Pour une fois, je me suis penchée sur un de tes gros dossiers, Gallu, et j'ai trouvé votre enquète fort instructive, objective, bien menée et plutôt exhasutive.

D'autant plus que je ne cotoie pas du tout le rayon BD des supermarchés où je fais mes courses (en même temps, les supermarchés parisiens sont assez petits, et le rayon livres et BD est en conséquence^^), et je n'ai jamais acheté de BD en supermarché, d'ailleurs. Mes parents m'avaient juste acheté là-bas mes classiques de Gaston, Tintin et Boule et Bill quand j'étais petite, et du coup je n'avais jamais réalisé qu'il y avait une telle catégorisation de la BD dans les grandes surfaces, et un tel écrémage (mais si j'avais réfléchi quelques minutes de plus, c'est assez logique, quand même )

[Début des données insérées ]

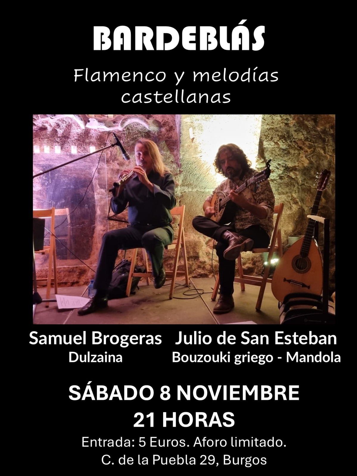 Concierto FLAMENCO Y MELODÍAS CASTELLANASSamuel Brogueras DULZAINAJulio se San Esteban BOUZOUKIgriego MANDOLINA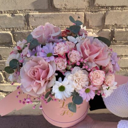 Цветочная композиция в коробке – это вариант подарка для тех, кто привык не только к красоте и благоуханию цветов, но и к удобству. Ей не требуется ваза – внутри сумки находится специальная губка, пропитанная водой, в которую вставлены цветы.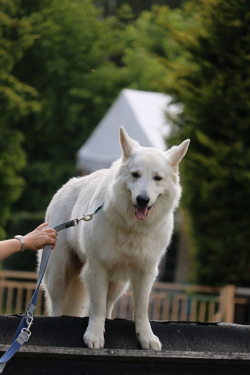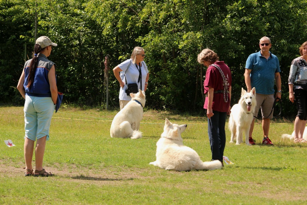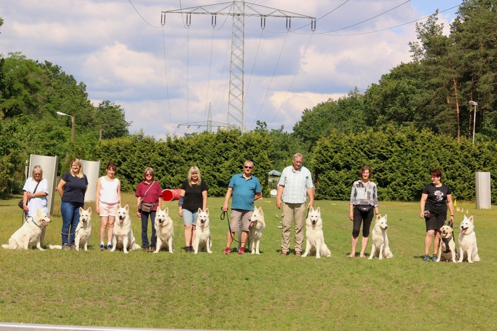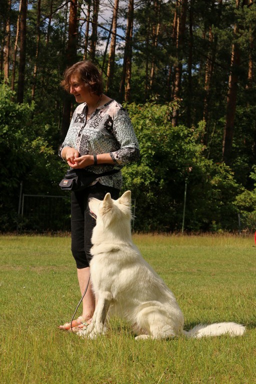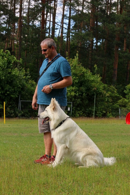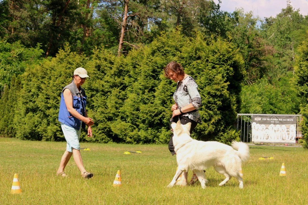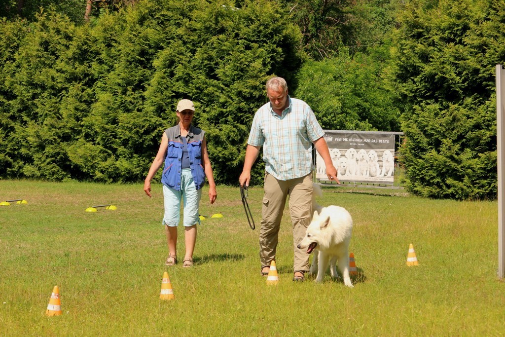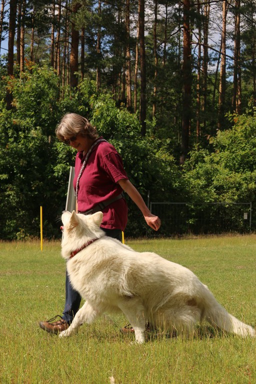 Bei den Obedience-Stationen war die enge Zusammenarbeit von Hund und Halter besonders gefordert. Sitz, Platz, Steh, Bleib, Drehung, Wende, Fuß usw., alles Dinge, die unsere Hunde im Einzelnen kennen, nun aber auf Kommando, Sicht – oder Hörzeichen im Ablauf ausführen mussten. Und sie konnten das! Super!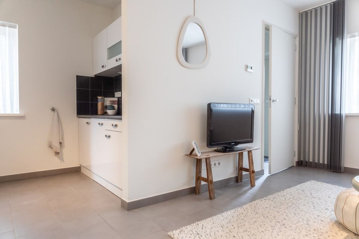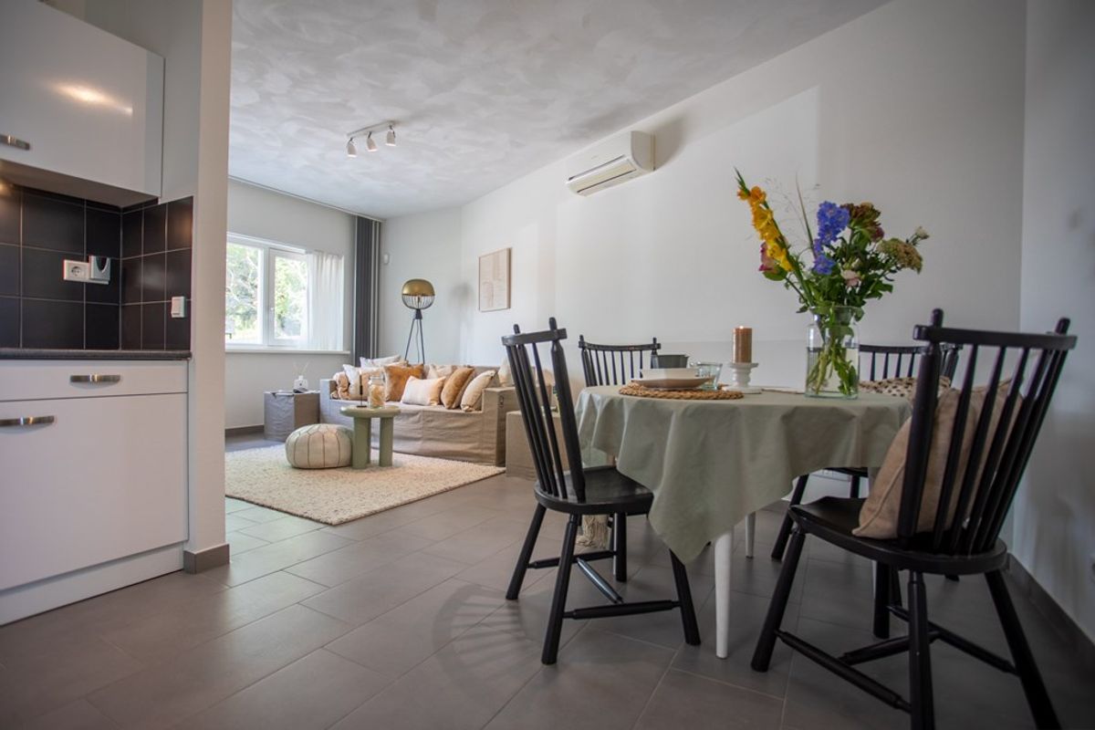 De woonkamer is een prettig, open geheel met doorlopende grootformaat keramische vloertegels in het grijs, strak gestucte wanden en plafond met spotrail. De brede raampartij zorgt voor veel daglicht en een rustige sfeer; textielaccenten en de nette afwerking maken het geheel warm en uitnodigend. Een split-airco aan de wand biedt extra comfort op warme dagen. Aansluitend ligt de eethoek met zicht op de halfopen keuken: compact en verzorgd, met witte, glanzende fronten, een donkere tegelspatwand, onderbouwverlichting en een donker werkblad met voorbereid leidingwerk voor een kookplaat. Ideaal voor wie efficiënt wil koken zonder ruimteverlies.
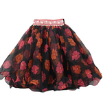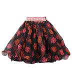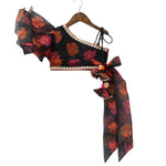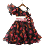 This is the Black & Pink Floral printed ready to wear Lehenga choli with one shoulder blouse, flutter sleeve, and zip closure. Matching skirt has drawstring closure with a flared hem.

Il y a juste une ou deux choses qui me surprennent dans ce que vous avez relevé dans votre enquète: la présentation par la couverture des albums est sans conteste un moyen d'attirer l'oeil et l'attention, et l'un de vos interviewés a opposé cela à la présentation par la tranche dans les bibliothèques, qui "donnent moins envie d'aller voir" (à peu près hein^^) Je trouve ça un peu bancal comme argument, car aucune biblothèque de Paris, par exemple, ou de celles que j'ai croisées ailleurs ne présentent les BD par la tranche, elles sont toutes dans des bacs horizontaux où il est très facile de balayer l'un après l'autre les albums pour avoir un aperçu de leur 1ère de couv, et les saisir très facilement... j'ai même, par ce biais, plus tendance à vouloir tout emprunter qu'à m'en détourner, alors que je n'ai même pas le temps de les lire finalement^^ J'ai donc trouvé ce passage plutôt étrange...

Et sinon, il est évoqué que la première de couv était la première source d'attraction ou l'inverse, mais je ne suis pas sûre d'avoir compris si elle était suffisante à l'achat de l'album ou pas, finalement. Parcequ'il arrive souvent aussi que la première de couv soit très prometteuse, et que l'interieur présente un contenu bien plus décevant (il y a peut-être des gens qui se fient uniquement à leur première intuition, après tout^^)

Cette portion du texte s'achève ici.